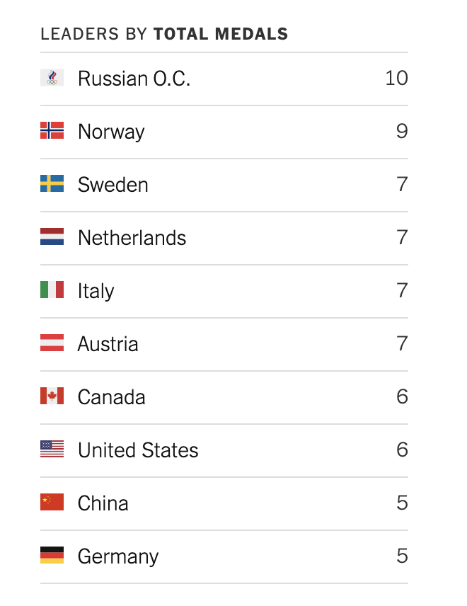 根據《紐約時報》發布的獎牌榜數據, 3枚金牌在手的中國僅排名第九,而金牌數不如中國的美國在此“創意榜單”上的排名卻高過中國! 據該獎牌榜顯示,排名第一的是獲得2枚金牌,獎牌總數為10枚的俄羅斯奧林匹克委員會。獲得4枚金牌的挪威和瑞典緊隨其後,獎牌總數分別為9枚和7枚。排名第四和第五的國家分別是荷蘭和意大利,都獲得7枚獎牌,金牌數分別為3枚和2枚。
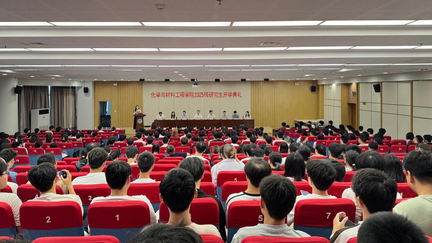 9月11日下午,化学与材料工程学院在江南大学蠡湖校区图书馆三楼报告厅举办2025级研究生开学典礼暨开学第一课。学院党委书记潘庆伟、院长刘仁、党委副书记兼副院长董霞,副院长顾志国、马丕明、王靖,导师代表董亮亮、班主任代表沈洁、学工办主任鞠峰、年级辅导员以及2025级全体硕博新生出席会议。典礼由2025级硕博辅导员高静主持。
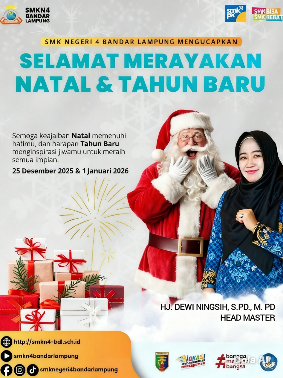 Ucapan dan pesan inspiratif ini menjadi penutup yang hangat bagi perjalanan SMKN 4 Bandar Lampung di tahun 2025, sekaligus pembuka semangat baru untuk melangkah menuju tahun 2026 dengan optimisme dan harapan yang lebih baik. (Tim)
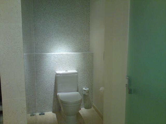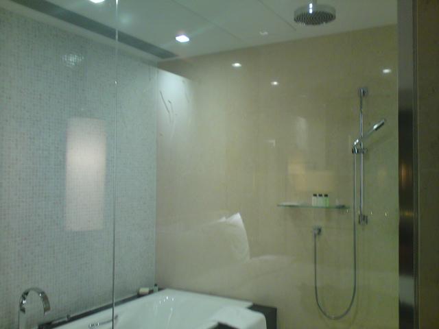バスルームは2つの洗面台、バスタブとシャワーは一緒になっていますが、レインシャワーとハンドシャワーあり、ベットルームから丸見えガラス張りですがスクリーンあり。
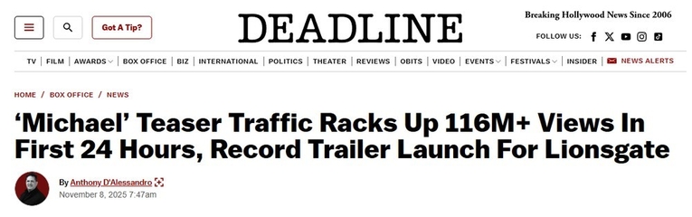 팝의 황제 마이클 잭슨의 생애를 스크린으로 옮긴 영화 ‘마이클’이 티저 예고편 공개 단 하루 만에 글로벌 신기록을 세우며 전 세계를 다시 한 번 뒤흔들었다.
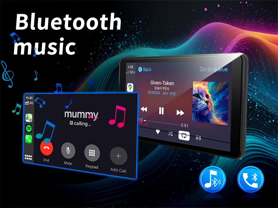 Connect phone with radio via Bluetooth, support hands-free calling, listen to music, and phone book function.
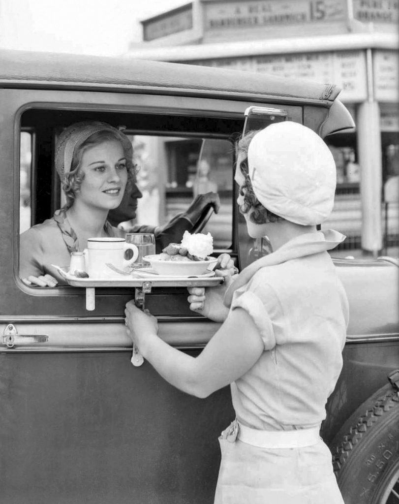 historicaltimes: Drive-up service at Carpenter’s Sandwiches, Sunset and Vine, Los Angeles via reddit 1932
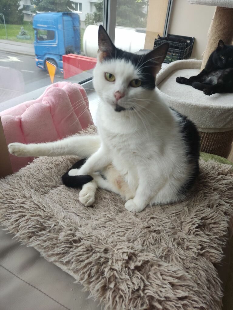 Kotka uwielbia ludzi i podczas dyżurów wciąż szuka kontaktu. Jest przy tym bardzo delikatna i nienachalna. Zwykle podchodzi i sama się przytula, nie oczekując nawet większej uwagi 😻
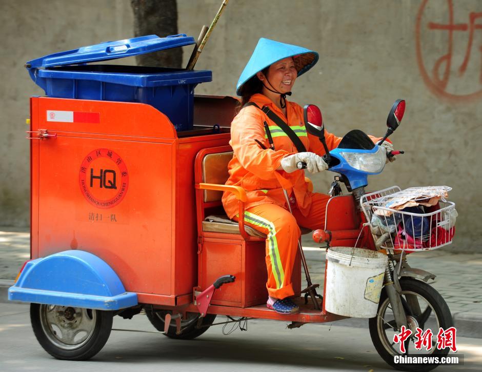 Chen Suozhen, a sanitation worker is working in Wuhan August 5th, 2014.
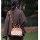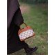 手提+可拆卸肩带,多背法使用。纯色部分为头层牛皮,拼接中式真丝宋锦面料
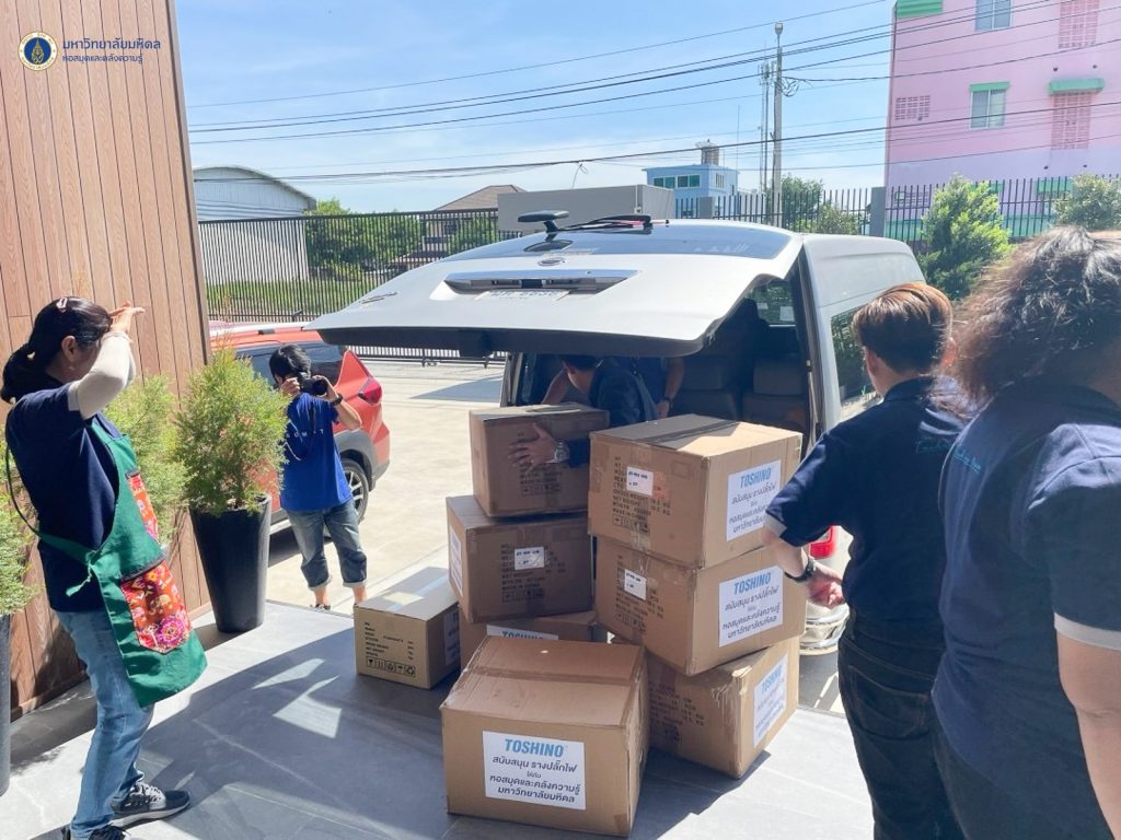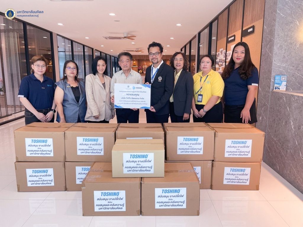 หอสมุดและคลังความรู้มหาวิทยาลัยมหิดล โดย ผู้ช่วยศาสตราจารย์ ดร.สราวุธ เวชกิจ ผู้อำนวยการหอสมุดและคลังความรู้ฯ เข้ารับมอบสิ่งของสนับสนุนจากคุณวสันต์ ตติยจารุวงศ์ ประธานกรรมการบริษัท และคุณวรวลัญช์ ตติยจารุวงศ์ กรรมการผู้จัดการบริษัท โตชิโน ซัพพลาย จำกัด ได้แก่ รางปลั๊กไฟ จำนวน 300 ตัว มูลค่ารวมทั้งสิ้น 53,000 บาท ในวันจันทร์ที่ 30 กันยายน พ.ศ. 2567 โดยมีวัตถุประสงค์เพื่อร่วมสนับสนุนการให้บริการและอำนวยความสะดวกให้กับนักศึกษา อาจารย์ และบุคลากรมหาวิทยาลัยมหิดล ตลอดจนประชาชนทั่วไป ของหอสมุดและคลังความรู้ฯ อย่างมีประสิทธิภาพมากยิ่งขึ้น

# PROBLEM DETAILS
When pictures appear among the entries, skip them and copy all remaining text precisely.

# EXPECTED ANSWER
 根據《紐約時報》發布的獎牌榜數據, 3枚金牌在手的中國僅排名第九,而金牌數不如中國的美國在此“創意榜單”上的排名卻高過中國! 據該獎牌榜顯示,排名第一的是獲得2枚金牌,獎牌總數為10枚的俄羅斯奧林匹克委員會。獲得4枚金牌的挪威和瑞典緊隨其後,獎牌總數分別為9枚和7枚。排名第四和第五的國家分別是荷蘭和意大利,都獲得7枚獎牌,金牌數分別為3枚和2枚。
 9月11日下午,化学与材料工程学院在江南大学蠡湖校区图书馆三楼报告厅举办2025级研究生开学典礼暨开学第一课。学院党委书记潘庆伟、院长刘仁、党委副书记兼副院长董霞,副院长顾志国、马丕明、王靖,导师代表董亮亮、班主任代表沈洁、学工办主任鞠峰、年级辅导员以及2025级全体硕博新生出席会议。典礼由2025级硕博辅导员高静主持。
 Ucapan dan pesan inspiratif ini menjadi penutup yang hangat bagi perjalanan SMKN 4 Bandar Lampung di tahun 2025, sekaligus pembuka semangat baru untuk melangkah menuju tahun 2026 dengan optimisme dan harapan yang lebih baik. (Tim)
バスルームは2つの洗面台、バスタブとシャワーは一緒になっていますが、レインシャワーとハンドシャワーあり、ベットルームから丸見えガラス張りですがスクリーンあり。
 팝의 황제 마이클 잭슨의 생애를 스크린으로 옮긴 영화 ‘마이클’이 티저 예고편 공개 단 하루 만에 글로벌 신기록을 세우며 전 세계를 다시 한 번 뒤흔들었다.
 Connect phone with radio via Bluetooth, support hands-free calling, listen to music, and phone book function.
 historicaltimes: Drive-up service at Carpenter’s Sandwiches, Sunset and Vine, Los Angeles via reddit 1932
 Kotka uwielbia ludzi i podczas dyżurów wciąż szuka kontaktu. Jest przy tym bardzo delikatna i nienachalna. Zwykle podchodzi i sama się przytula, nie oczekując nawet większej uwagi 😻
 Chen Suozhen, a sanitation worker is working in Wuhan August 5th, 2014.
 手提+可拆卸肩带,多背法使用。纯色部分为头层牛皮,拼接中式真丝宋锦面料
 หอสมุดและคลังความรู้มหาวิทยาลัยมหิดล โดย ผู้ช่วยศาสตราจารย์ ดร.สราวุธ เวชกิจ ผู้อำนวยการหอสมุดและคลังความรู้ฯ เข้ารับมอบสิ่งของสนับสนุนจากคุณวสันต์ ตติยจารุวงศ์ ประธานกรรมการบริษัท และคุณวรวลัญช์ ตติยจารุวงศ์ กรรมการผู้จัดการบริษัท โตชิโน ซัพพลาย จำกัด ได้แก่ รางปลั๊กไฟ จำนวน 300 ตัว มูลค่ารวมทั้งสิ้น 53,000 บาท ในวันจันทร์ที่ 30 กันยายน พ.ศ. 2567 โดยมีวัตถุประสงค์เพื่อร่วมสนับสนุนการให้บริการและอำนวยความสะดวกให้กับนักศึกษา อาจารย์ และบุคลากรมหาวิทยาลัยมหิดล ตลอดจนประชาชนทั่วไป ของหอสมุดและคลังความรู้ฯ อย่างมีประสิทธิภาพมากยิ่งขึ้น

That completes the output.